Collected data entries:
::::::::::
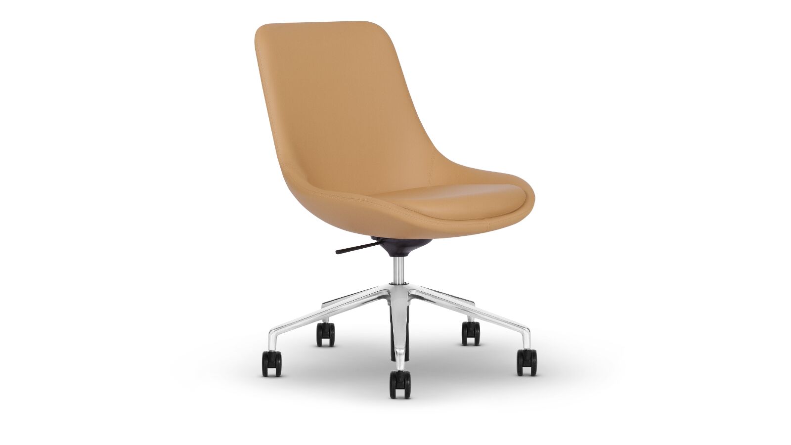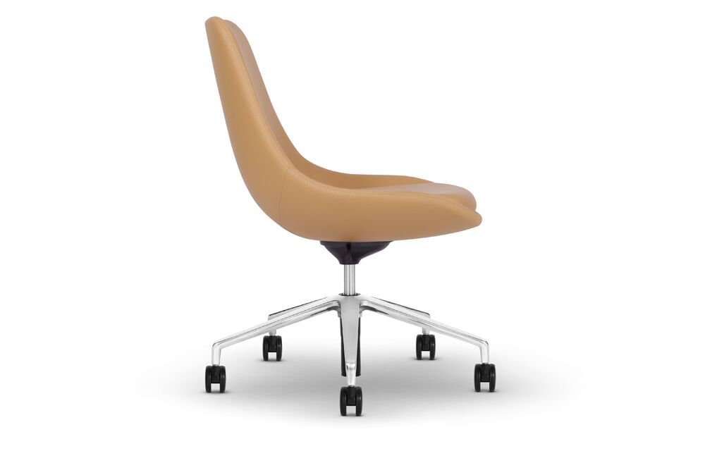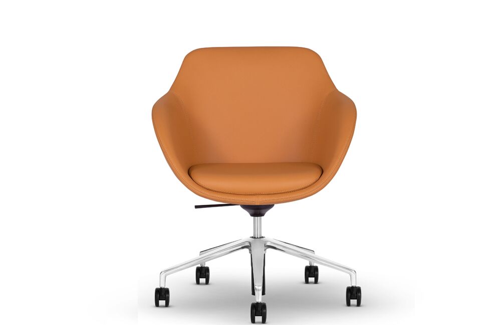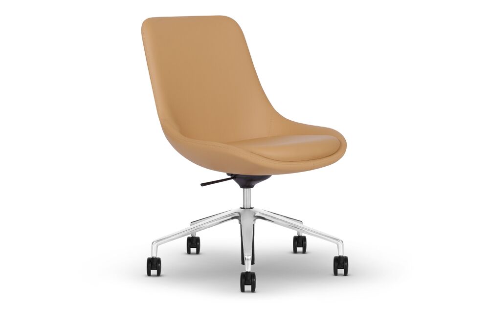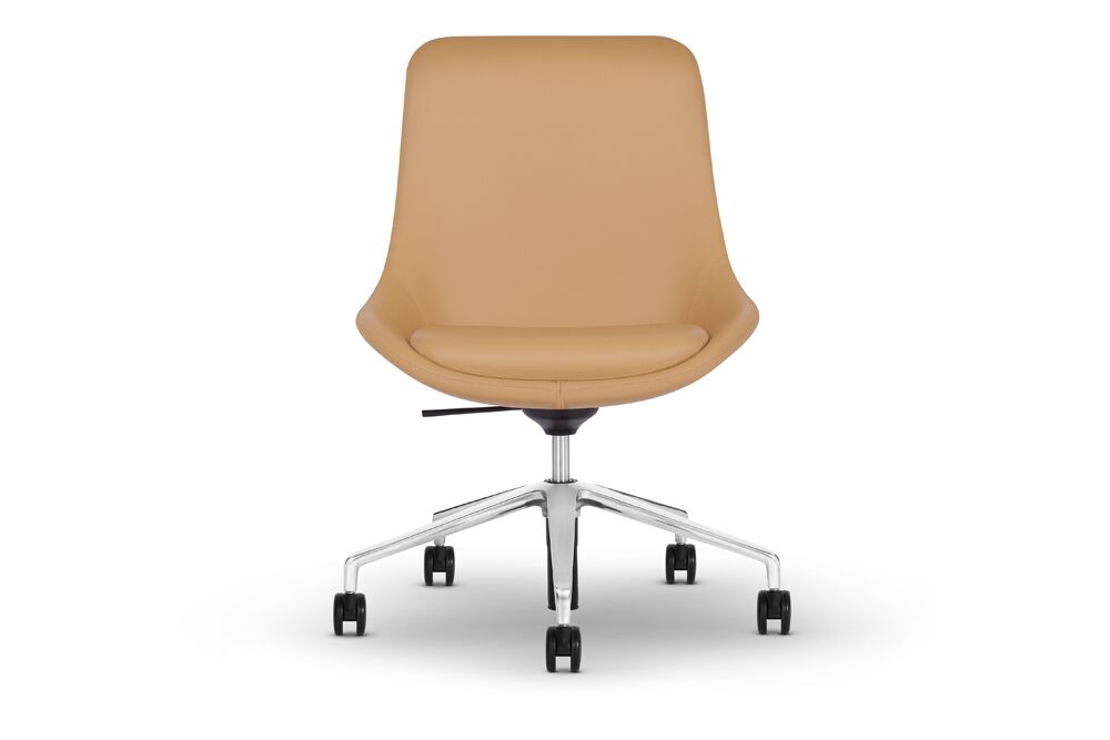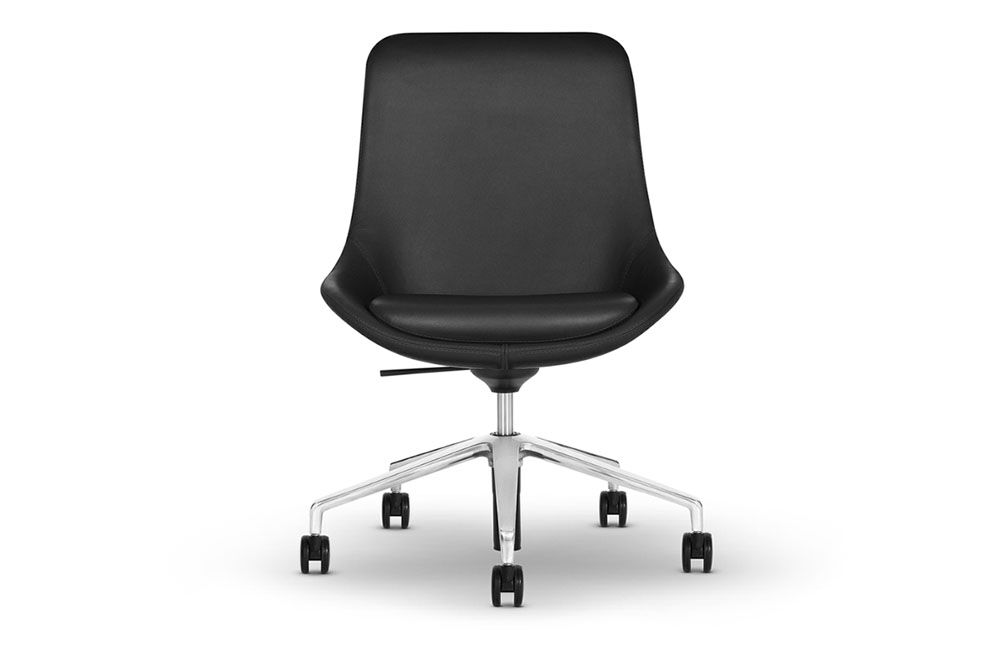Ponder lounge chairs are available in high, mid and low back with three optional bases: sled, 4-leg wood, and 4-star. A complementing ottoman is available on a sled base.
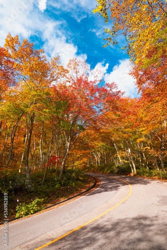 © Akio Mic, Obraz premium 【鳥取県】赤く紅葉した11月上旬の秋の大山の車道 ドライブ
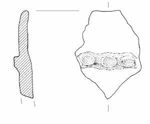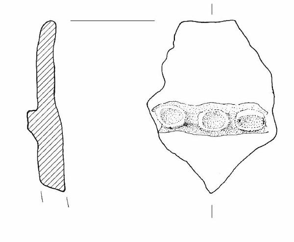 Orlo di forma arrotondata. Poco sotto l'orlo, cordone plastico a impressioni ovaleggianti.\nColore: beige.
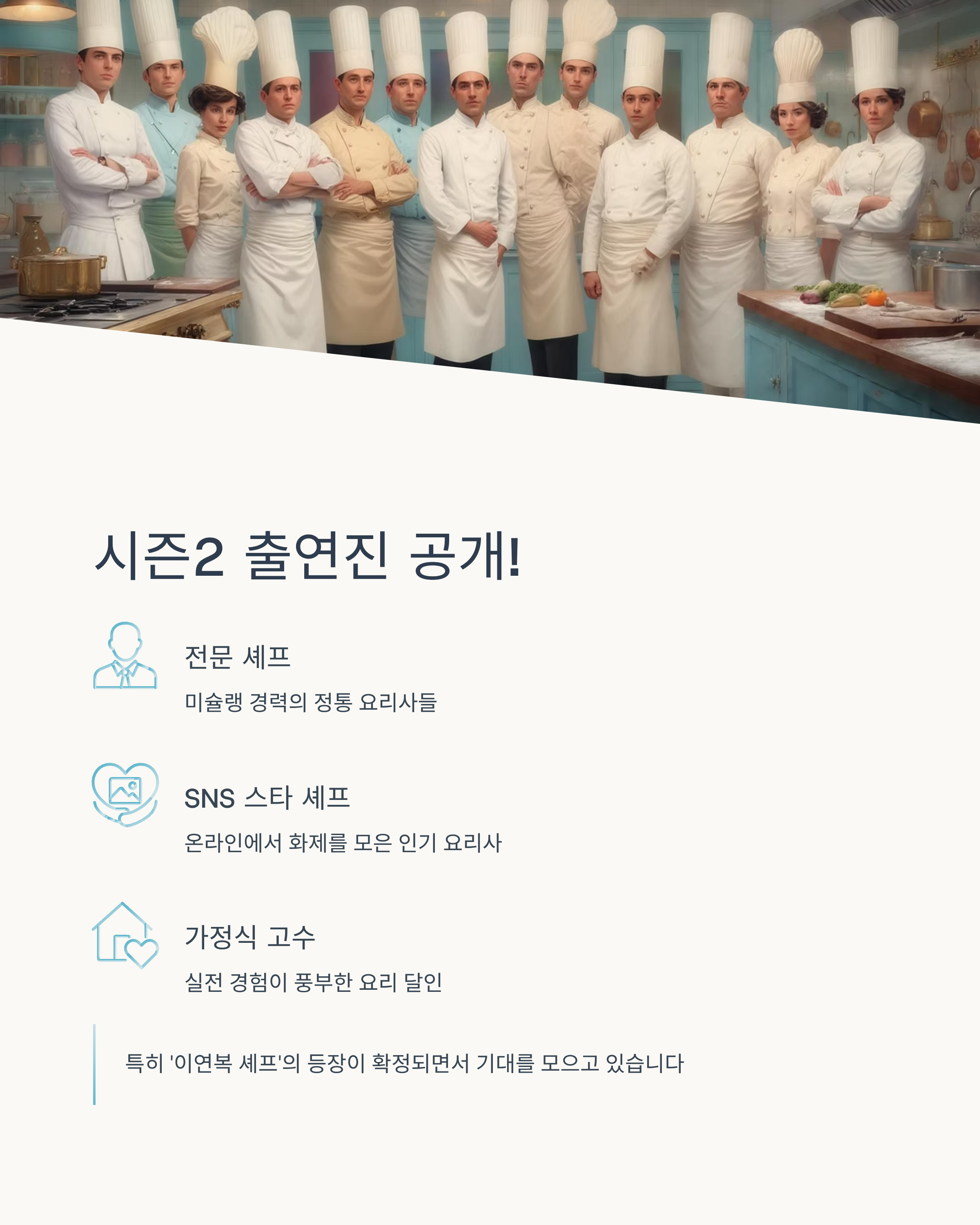 이번 시즌의 출연진은 전문 셰프, SNS 스타 셰프, 가정식 요리 고수 등 다양한 배경의 인물들로 구성되어 있어요. 기존 방송 경력이 있는 유명 셰프들도 포함되어 있으며, 특히 '이연복 셰프'의 등장이 확정되면서 기대를 모으고 있습니다.
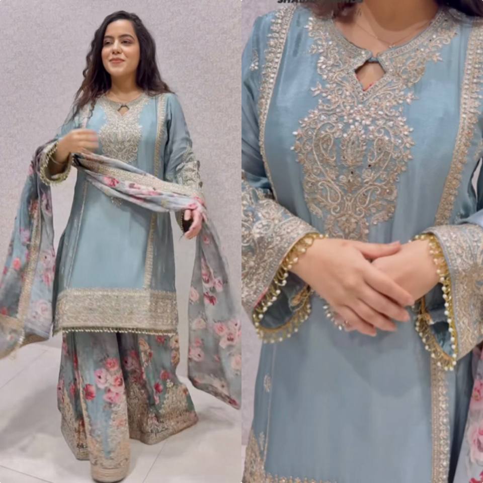 · Work :-Digital Print With Embroidery 3 mm Sequence & Coding Dori Work Lace Border
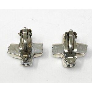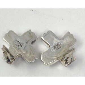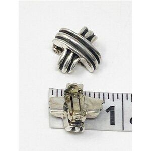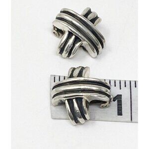 These bold sterling silver earrings by Zina feature a striking crisscross or knot motif with oxidized channels and high-polish silver ridges. Crafted in 925 sterling silver and marked accordingly, they offer a timeless and sculptural look. Comfortable clip-on backs make them perfect for non-pierced ears. A distinctive pair ideal for fans of modernist or southwestern design.
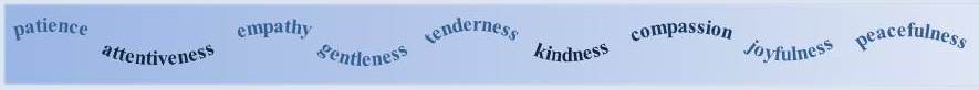 Being peaceful is a value which is also harmonises closely with our spiritual being and follows closely on joy. Peacefulness can be thought of as arising from joy and bringing with it the ability not to be disturbed by outward things; it allows our intention to rest on the helping, healing purpose of our practice. Peacefulness is closely associated with our ability to have patience in our practice and allow for delay when it is needed for a healing outcome. Peacefulness has a unifying influence and especially communicates itself to others so that in being peaceful in our practice we foster peacefulness in patients, colleagues and others.
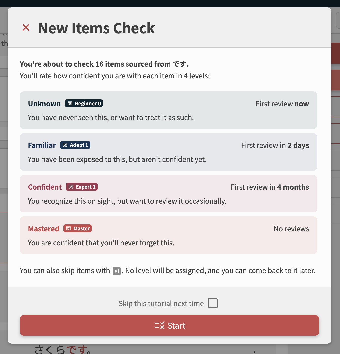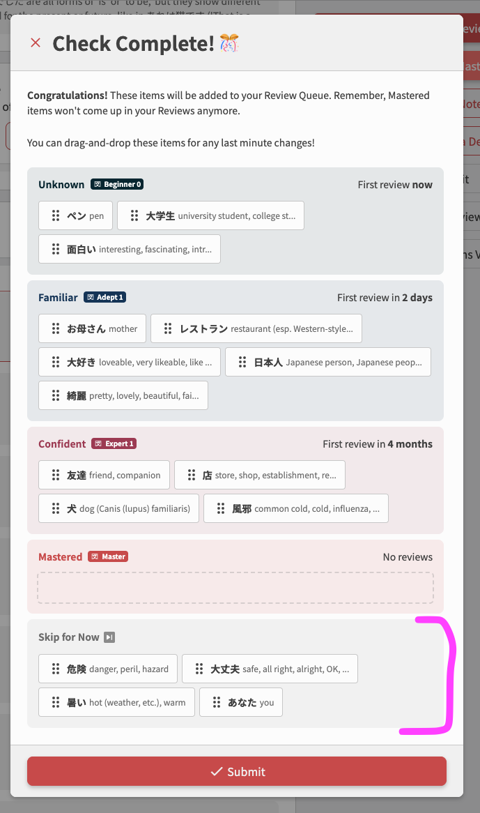 This is really cool, I like the mini quiz for checking all the unknown vocabulary. But I also want to add one vote to adding a “skip” button or something, since I don’t really want to flood my vocab reviews with obscure terms that didn’t even make the N1 or any of A decks. (or sometimes it also finds terms which are kind of duplicates of words I’m already studying from one of the official decks)
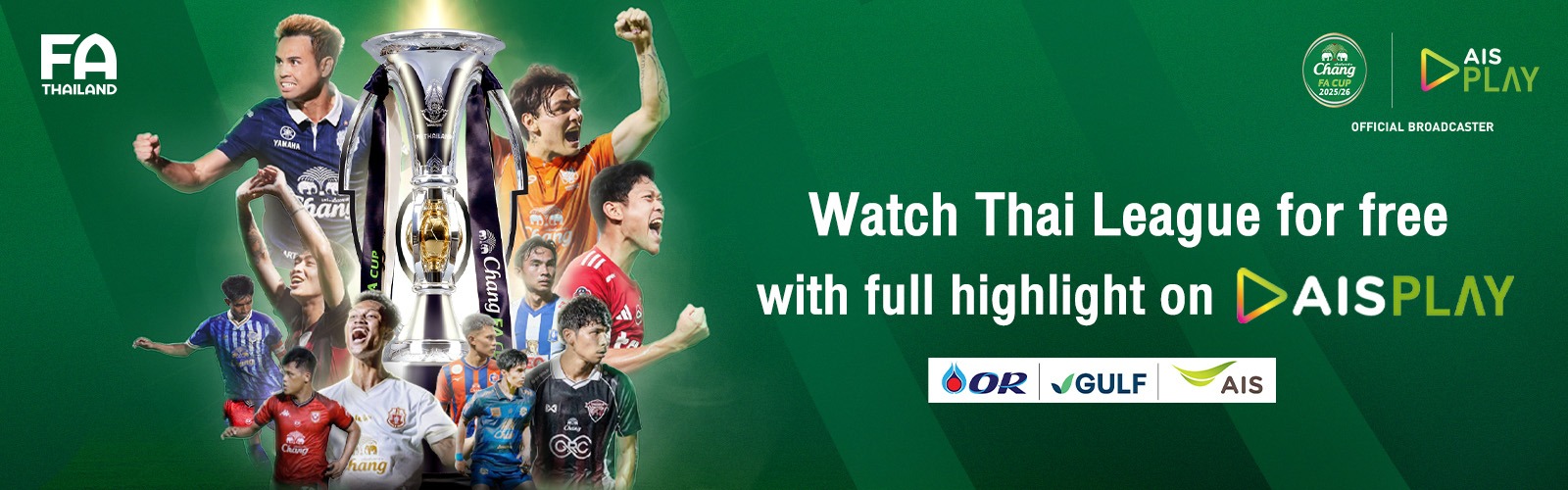 All customers from every network can watch Thai League matches for free — all leagues, every match live — on AIS PLAY.
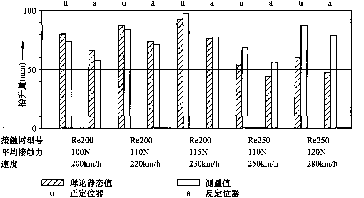 接觸網(wǎng)的抬升必須保持在最低限度,以便實現(xiàn)良好的接觸質量。此外,支持裝置的機械設計會限制在這些點上可能產(chǎn)生的垂直運動。在低、中速條件下,即運行速度達到約50%的波傳播速度時,抬升值與接觸網(wǎng)設備的彈性和受電弓作用的接觸壓力成比例。為了在提高速度時保持良好的接觸質量,接觸壓力也必須增加。這就是說必須保持盡可能低的彈性以限制抬升。
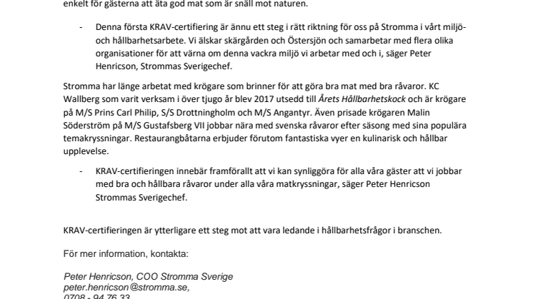 - Denna första KRAV-certifiering är ännu ett steg i rätt riktning för oss på Stromma i vårt miljö- och hållbarhetsarbete. Vi älskar skärgården och Östersjön och samarbetar med flera olika organisationer för att värna om denna vackra miljö vi arbetar med och i, säger Peter Henricson, Strommas Sverigechef.
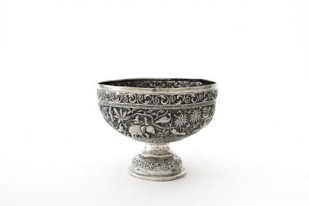 604. Coupe sur pied à décor repoussé de personnages et animaux,
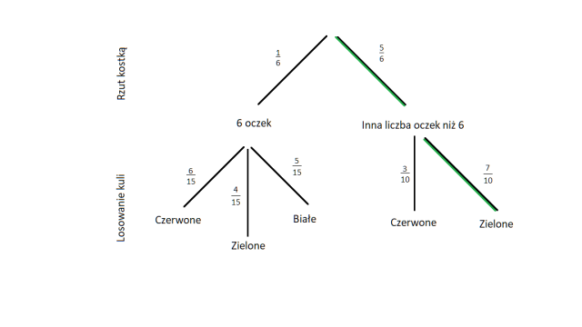 W tym zadaniu musisz wyliczyć prawdopodobieństwo, że wylosujesz kulę zieloną z drugiego pudełka, jeśli doświadczenie losowe polega na rzucie kostką, a następnie, jeśli wypadnie 6 oczek to losowaniu kuli z pierwszego pudełka, w którym jest 15 kul – 6 czerwonych, 4 zielone oraz 5 białych, natomiast w przeciwnym wypadku losuje się kule z drugiego pudełka, w którym jest 10 kul – 3 czerwone oraz 7 zielonych.
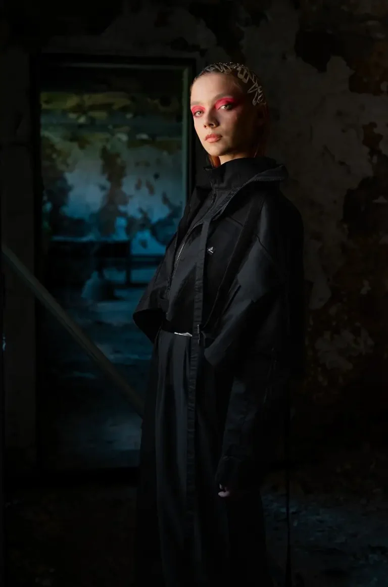 211,00 €The quilted hooded CONTRAPUNCT scarf exemplifies futuristic design principles, featuring a black cotton exterior with white topstitches and a quilted black cotton interior for added warmth and comfort. The design includes two front welt pockets with zips and a black rib tape positioned at the waist, enhancing both functionality and […]
::::::::::
- **Exercise prompt**: Pictures stay out. Print the data exactly, from its first line through the line containing "These bold sterling".

- **Expected output**:
Ponder lounge chairs are available in high, mid and low back with three optional bases: sled, 4-leg wood, and 4-star. A complementing ottoman is available on a sled base.
 © Akio Mic, Obraz premium 【鳥取県】赤く紅葉した11月上旬の秋の大山の車道 ドライブ
 Orlo di forma arrotondata. Poco sotto l'orlo, cordone plastico a impressioni ovaleggianti.\nColore: beige.
 이번 시즌의 출연진은 전문 셰프, SNS 스타 셰프, 가정식 요리 고수 등 다양한 배경의 인물들로 구성되어 있어요. 기존 방송 경력이 있는 유명 셰프들도 포함되어 있으며, 특히 '이연복 셰프'의 등장이 확정되면서 기대를 모으고 있습니다.
 · Work :-Digital Print With Embroidery 3 mm Sequence & Coding Dori Work Lace Border
 These bold sterling silver earrings by Zina feature a striking crisscross or knot motif with oxidized channels and high-polish silver ridges. Crafted in 925 sterling silver and marked accordingly, they offer a timeless and sculptural look. Comfortable clip-on backs make them perfect for non-pierced ears. A distinctive pair ideal for fans of modernist or southwestern design.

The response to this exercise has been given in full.